BEGIN
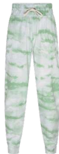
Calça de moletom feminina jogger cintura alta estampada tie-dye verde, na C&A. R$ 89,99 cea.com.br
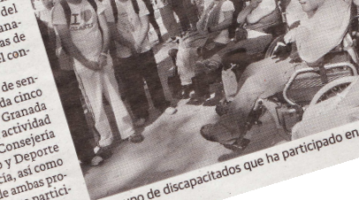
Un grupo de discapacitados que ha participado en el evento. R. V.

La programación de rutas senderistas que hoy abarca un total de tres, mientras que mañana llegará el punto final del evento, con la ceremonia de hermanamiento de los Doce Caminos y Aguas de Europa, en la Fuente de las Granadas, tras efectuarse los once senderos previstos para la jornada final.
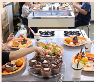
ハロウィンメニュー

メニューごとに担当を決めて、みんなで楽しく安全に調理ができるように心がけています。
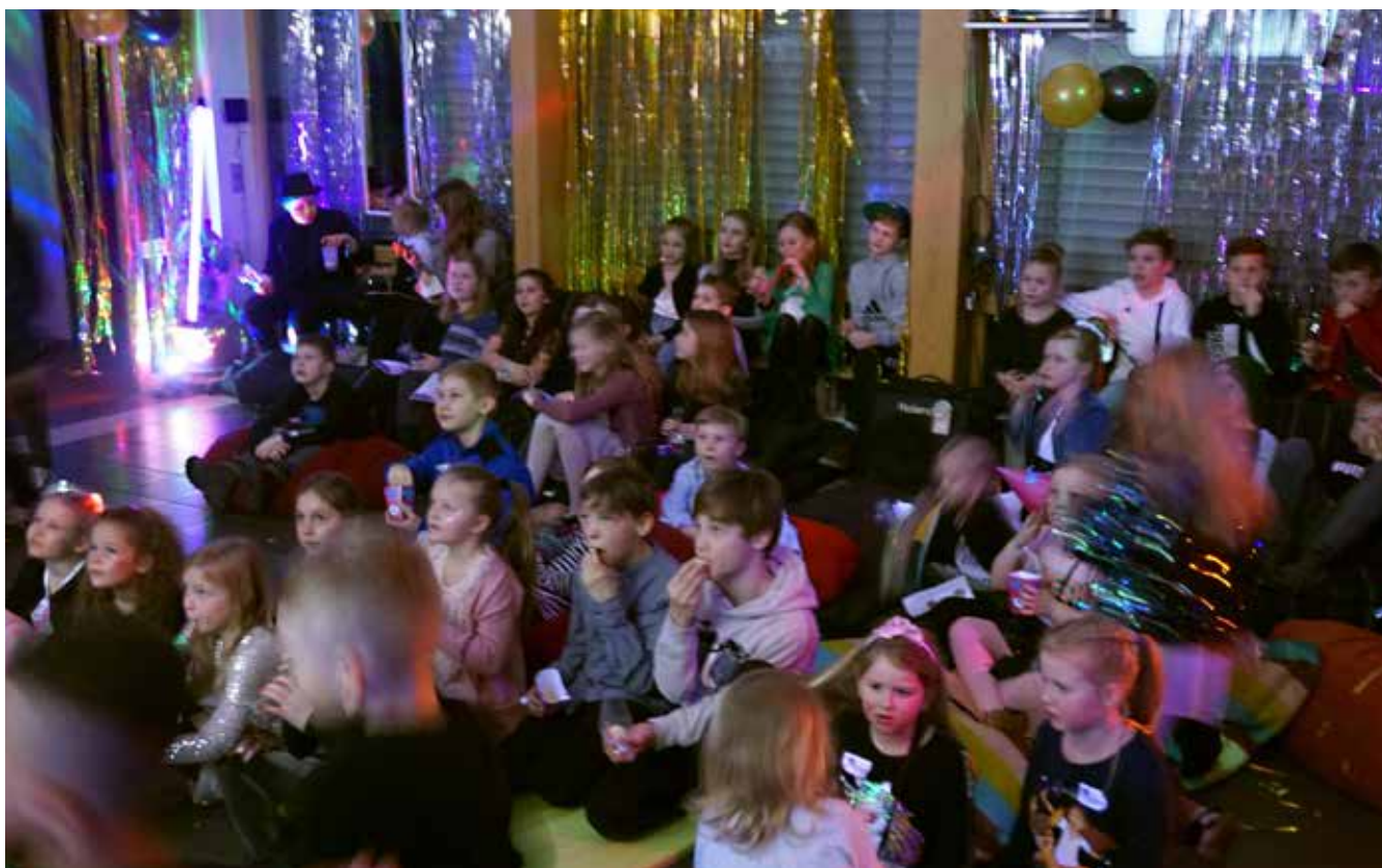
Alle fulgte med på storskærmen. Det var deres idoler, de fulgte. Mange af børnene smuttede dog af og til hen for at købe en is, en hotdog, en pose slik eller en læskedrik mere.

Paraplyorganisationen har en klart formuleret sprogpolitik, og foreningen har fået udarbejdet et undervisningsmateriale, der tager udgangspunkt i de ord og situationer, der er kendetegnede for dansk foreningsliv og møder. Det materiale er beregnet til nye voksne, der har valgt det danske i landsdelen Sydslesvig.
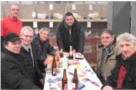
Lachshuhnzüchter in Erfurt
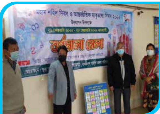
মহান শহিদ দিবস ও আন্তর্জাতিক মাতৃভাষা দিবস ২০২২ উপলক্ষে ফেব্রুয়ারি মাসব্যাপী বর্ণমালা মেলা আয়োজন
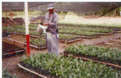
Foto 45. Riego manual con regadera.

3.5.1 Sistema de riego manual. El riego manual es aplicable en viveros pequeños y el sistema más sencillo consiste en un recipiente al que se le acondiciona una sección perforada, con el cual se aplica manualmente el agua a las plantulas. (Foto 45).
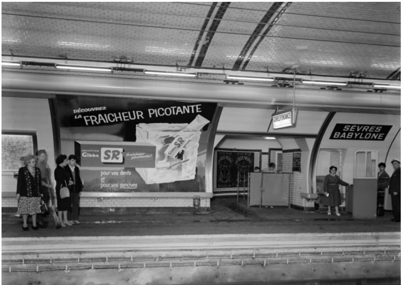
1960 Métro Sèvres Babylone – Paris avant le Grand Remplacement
END
BEGIN
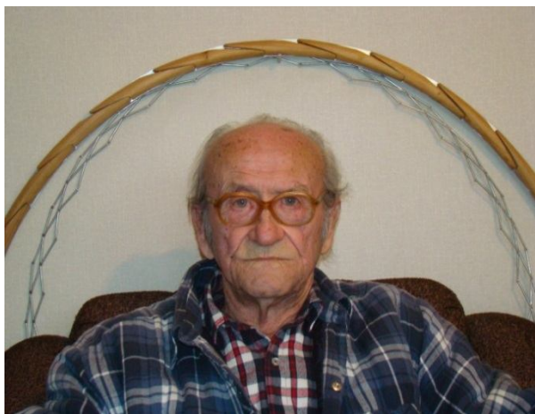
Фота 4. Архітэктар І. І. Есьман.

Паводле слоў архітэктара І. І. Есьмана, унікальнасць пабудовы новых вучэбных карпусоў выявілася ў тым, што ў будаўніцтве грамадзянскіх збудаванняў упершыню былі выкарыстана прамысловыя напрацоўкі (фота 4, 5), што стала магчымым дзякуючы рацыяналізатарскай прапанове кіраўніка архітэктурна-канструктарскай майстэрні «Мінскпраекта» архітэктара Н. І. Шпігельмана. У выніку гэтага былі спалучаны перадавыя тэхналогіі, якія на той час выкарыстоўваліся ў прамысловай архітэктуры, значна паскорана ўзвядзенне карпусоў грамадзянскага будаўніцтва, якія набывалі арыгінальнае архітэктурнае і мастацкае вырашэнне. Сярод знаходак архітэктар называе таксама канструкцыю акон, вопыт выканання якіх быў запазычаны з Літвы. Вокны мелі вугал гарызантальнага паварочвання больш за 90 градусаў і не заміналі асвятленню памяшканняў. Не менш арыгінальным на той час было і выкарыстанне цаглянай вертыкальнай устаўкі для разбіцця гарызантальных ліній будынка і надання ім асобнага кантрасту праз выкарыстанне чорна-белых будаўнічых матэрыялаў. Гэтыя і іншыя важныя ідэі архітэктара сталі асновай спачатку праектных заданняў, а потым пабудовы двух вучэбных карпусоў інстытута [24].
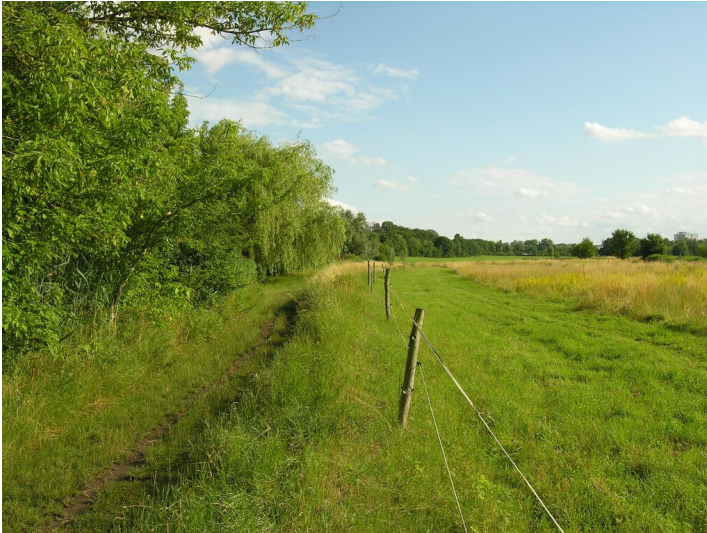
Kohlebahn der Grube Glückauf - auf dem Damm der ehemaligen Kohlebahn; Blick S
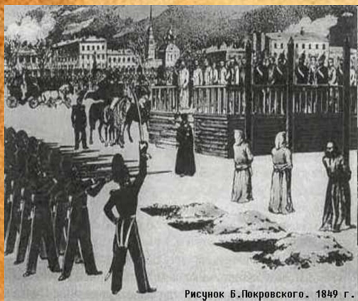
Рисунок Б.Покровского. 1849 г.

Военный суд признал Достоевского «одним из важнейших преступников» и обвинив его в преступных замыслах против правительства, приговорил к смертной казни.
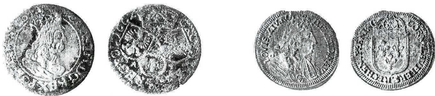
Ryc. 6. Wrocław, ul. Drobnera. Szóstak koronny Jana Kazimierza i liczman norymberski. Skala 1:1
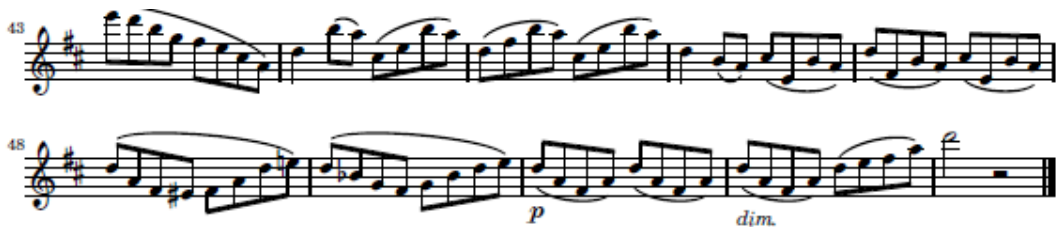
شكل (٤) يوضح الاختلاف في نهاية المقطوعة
END
- Your assignment -
The response must repeat exactly the lines above from the one with "মহান শহিদ দিবস" through the one with "1960 Métro Sèvres", including both, and must contain no pictures and no other text.

- Answer section -
মহান শহিদ দিবস ও আন্তর্জাতিক মাতৃভাষা দিবস ২০২২ উপলক্ষে ফেব্রুয়ারি মাসব্যাপী বর্ণমালা মেলা আয়োজন
Foto 45. Riego manual con regadera.

3.5.1 Sistema de riego manual. El riego manual es aplicable en viveros pequeños y el sistema más sencillo consiste en un recipiente al que se le acondiciona una sección perforada, con el cual se aplica manualmente el agua a las plantulas. (Foto 45).
1960 Métro Sèvres Babylone – Paris avant le Grand Remplacement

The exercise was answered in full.